Zoodra de tijding, dat Philips zich ernstig tot een inval in Engeland
toerustte, om daarna den oproerigen Nederlanders den kop te vermorselen,
in Holland bekend werd, had men daar maatregelen van tegenweer
genomen. Alles kwam er op aan, Parma’s landing te beletten door hem met
zijne transportschepen in de havens van Sluis, Nieuwpoort en Duinkerken
op te sluiten. Eene Hollandsch-Zeeuwsche vloot werd daartoe onder de
bevelen van Justinus van Nassau, van der Does, Warmond en Joost de Moor
gesteld. Zij hadden hunne eer verpand, dat zij den hertog niet zouden laten
ontsnappen. En zij hielden woord! Zelfs geen sloep had een der genoemde
havens kunnen verlaten, zoo waakzaam bespiedden zij alle zeegaten. Meer
dan eens lokten zij zelfs Parma uit om in zee te steken, van begeerte
brandende om ook met de Spanjaarden aan den dans te gaan. Maar Parma
liet zich hiertoe niet verleiden. Hij wist maar al te goed, dat zulk een strijd
den ondergang van zijn geheele leger na zich slepen moest.

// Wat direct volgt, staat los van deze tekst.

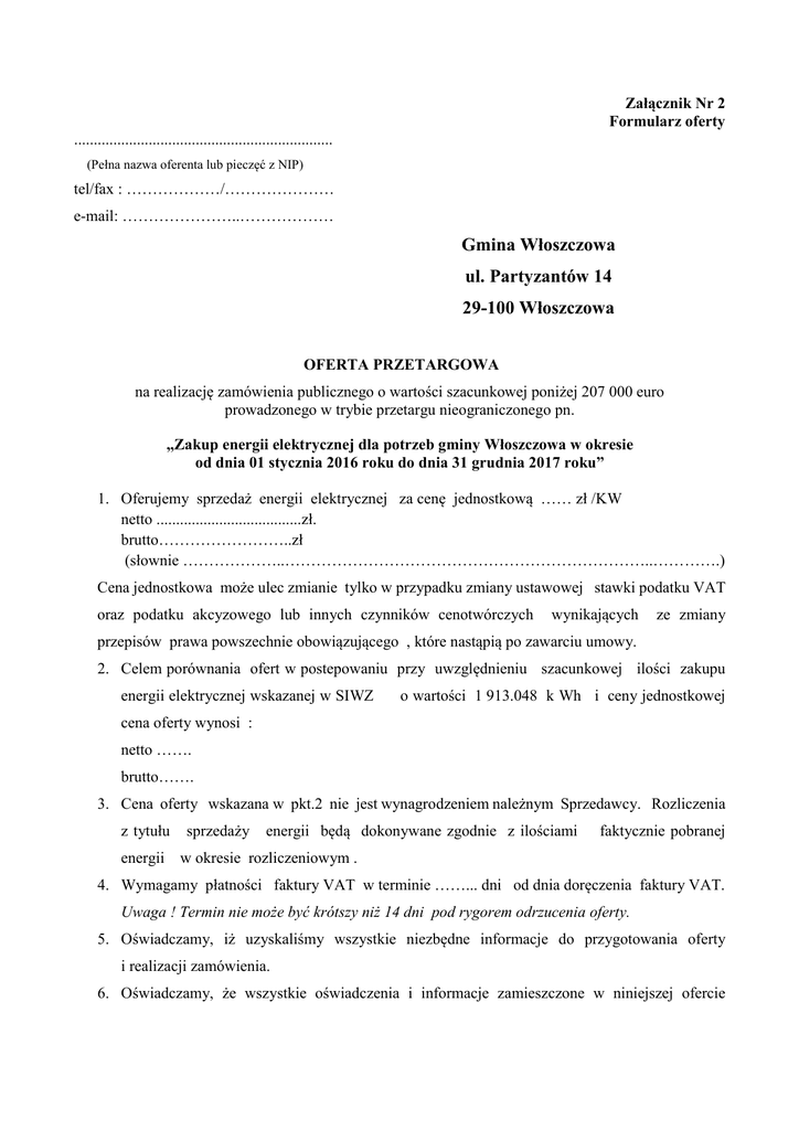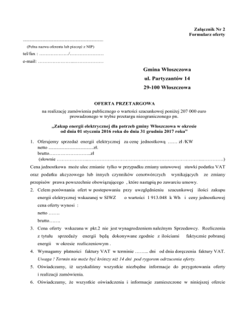 Załącznik Nr 2 Formularz oferty .................................................................. (Pełna nazwa oferenta lub pieczęć z NIP) tel/fax : ………………/………………… e-mail: …………………..……………… Gmina Włoszczowa ul. Partyzantów 14 29-100 Włoszczowa OFERTA PRZETARGOWA na realizację zamówienia publicznego o wartości szacunkowej poniżej 207 000 euro prowadzonego w trybie przetargu nieograniczonego pn. „Zakup energii elektrycznej dla potrzeb gminy Włoszczowa w okresie od dnia 01 stycznia 2016 roku do dnia 31 grudnia 2017 roku” 1. Oferujemy sprzedaż energii elektrycznej za cenę jednostkową …… zł /KW netto .....................................zł. brutto……………………..zł (słownie ………………..……………………………………………………………..………….) Cena jednostkowa może ulec zmianie tylko w przypadku zmiany ustawowej stawki podatku VAT oraz podatku akcyzowego lub innych czynników cenotwórczych wynikających ze zmiany przepisów prawa powszechnie obowiązującego , które nastąpią po zawarciu umowy. 2. Celem porównania ofert w postepowaniu przy uwzględnieniu szacunkowej ilości zakupu energii elektrycznej wskazanej w SIWZ o wartości 1 913.048 k Wh i ceny jednostkowej cena oferty wynosi : netto ……. brutto……. 3. Cena oferty wskazana w pkt.2 nie jest wynagrodzeniem należnym Sprzedawcy. Rozliczenia z tytułu sprzedaży energii będą dokonywane zgodnie z ilościami faktycznie pobranej energii w okresie rozliczeniowym . 4. Wymagamy płatności faktury VAT w terminie ……... dni od dnia doręczenia faktury VAT. Uwaga ! Termin nie może być krótszy niż 14 dni pod rygorem odrzucenia oferty. 5. Oświadczamy, iż uzyskaliśmy wszystkie niezbędne informacje do przygotowania oferty i realizacji zamówienia. 6. Oświadczamy, że wszystkie oświadczenia i informacje zamieszczone w niniejszej ofercie są kompletne, prawdziwe i rzetelne. 7. Oświadczamy, że posiadamy podpisaną z PGE Obrót S.A. umowę umożliwiającą realizację przedmiotu zamówienia , tj. dostawę energii elektrycznej do punktów na potrzeby socjalne, mieszkaniowe i komunalne zgodnie z SIWZ 8. Oświadczam, że zgodnie z art.26 ust.2b ustawy Pzp, będę korzystał / nie będę korzystał (niepotrzebne skreślić) z zasobów następujących podmiotów…………………………………… 9. Oświadczam, że uważamy się za związanych niniejszą ofertą przez okres 30 dni od terminu składania ofert. 10. Oświadczam, że załączony do Specyfikacji Istotnych Warunków Zamówienia wzór umowy został przez nas zaakceptowany i zobowiązujemy się w przypadku wyboru oferty do jej zawarcia w miejscu i terminie wyznaczonym przez Zamawiającego. 11. Przedmiot zamówienia wykonamy sami/przy udziale podwykonawcy (niepotrzebne skreślić) − zakres prac powierzony podwykonawcy: ....................................................................................................................................................... 12. Oświadczam, iż w przypadku wyboru mojej oferty należności z tytułu realizacji umowy należy przekazywać na konto w Banku ........................................................., Nr rachunku ....................................................................................................................................................... 13. Oferta zawiera .............. ponumerowanych stron wraz załącznikami (wymienić załączniki wg kolejności): 1. ........................... 2. ........................... 3. ............................ 4. ............................ 5. ............................ ......................................................... miejscowość, data .......................................................................................... Podpis (osoba upoważniona do reprezentowania oferenta) Załącznik Nr 3 OŚWIADCZENIE o spełnieniu warunków udziału w postępowaniu Przystępując do postępowania o udzielenie zamówienia publicznego o wartości szacunkowej poniżej 207 000 euro prowadzonego w trybie przetargu nieograniczonego na zadanie pn. „Zakup energii elektrycznej dla potrzeb gminy Włoszczowa w okresie od dnia 01 stycznia 2016 roku do dnia 31 grudnia 2017 roku” ja, niżej podpisany ………………………………….……………...……………………………………… (imię i nazwisko) reprezentujący firmę ……………………………...……………………………………………………….. (nazwa firmy) ……………………………………………………………………………………………………………… ……………………………………………………………………………………………………………… jako …………………………………...……………………………………………………………………. (pełniona funkcja) w imieniu swoim i reprezentowanej przez mnie firmy oświadczam zgodnie z art. 44 ustawy - Prawo zamówień publicznych, że spełniam/y warunki udziału w postępowaniu, o którym mowa w art. 22 ust. 1 ustawy z dnia 29 stycznia 2004 r. – Prawo zamówień publicznych (tj. Dz. U. z 2013 r., poz. 907 ze. zm.), dotyczące: 1. posiadania uprawnień do wykonywania określonej działalności lub czynności, jeżeli przepisy prawa nakładają obowiązek ich posiadania (dotyczy/nie dotyczy*), 2. posiadania wiedzy i doświadczenia, 3. dysponowania odpowiednim potencjałem technicznym oraz osobami zdolnymi do wykonania zamówienia, 4. sytuacji ekonomicznej i finansowej zapewniającej wykonanie zamówienia, Miejscowość ………………….., dnia…………. ……………………………………………………. (podpis/y osoby/osób upoważnionych do reprezentowania Wykonawcy) Załącznik Nr 4 OŚWIADCZENIE Wykonawcy o braku podstaw do wykluczeniu z postępowania Przystępując do post

Komt dus aan de Engelsche zeelieden alle eere toe voor het beleid en de
onversaagdheid, in het bestrijden van de Armada ten toon gespreid, de
Nederlandsche vloot heeft aanspraak op gelijken lof. Indien het Parma
gelukt was, den 6en of 7en Augustus naar Engeland over te steken, terwijl de
Engelsche en Spaansche vloten slaags waren, dan zou de geschiedenis van
het Britsche rijk, ja van gansch Europa wellicht een geheel anderen loop
genomen hebben.
Met den ondergang der Armada vangt voor de Nederlanders een tijdperk
van overwinning en voorspoed aan; als door een tooverslag was eensklaps
de stand van zaken te hunnen gunste veranderd. Het bondgenootschap met
Engeland, dat tot dusver weinig had beteekend, was door de
gemeenschappelijk behaalde overwinning steviger dan ooit bevestigd. De
veerkracht, de moed en de hulpmiddelen der Nederlanders waren
aangegroeid, terwijl Philips’ hulpbronnen aan geld en manschappen
tengevolge van het ontzettende verlies, dat hij geleden had, bijna geheel
waren uitgeput. Hierbij kwam nog, dat ook in Frankrijk tengevolge van de
troonsbestijging van Hendrik IV weldra de zaken voor de Nederlanders
eene gunstige wending namen. Toen Philips II de ligue tegen Hendrik IV
ondersteunde, zag Parma zich genoodzaakt om zijn leger te verdeelen en
daardoor zijne kracht te versnipperen. Op de oproerige Nederlanders alleen
had hij wellicht nog meer dan eene overwinning kunnen behalen, maar de
Nederlanders en Hendrik IV tegelijk te bevechten, dat ging boven zijne
macht. Bovendien werd Parma in het jaar 1589 ziek en kreeg hij nooit zijne
volle kracht terug; zijne werkzaamheid werd verlamd door kuiperijen,
welke zijne vijanden aan het Spaansche hof tegen hem smeedden; de
krijgstucht onder de Spaansche troepen verdween bijna geheel, tengevolge
van de onregelmatige betaling van hunne soldij, en zelfs des hertogs
geestkracht was niet bij machte om die volkomen te herstellen.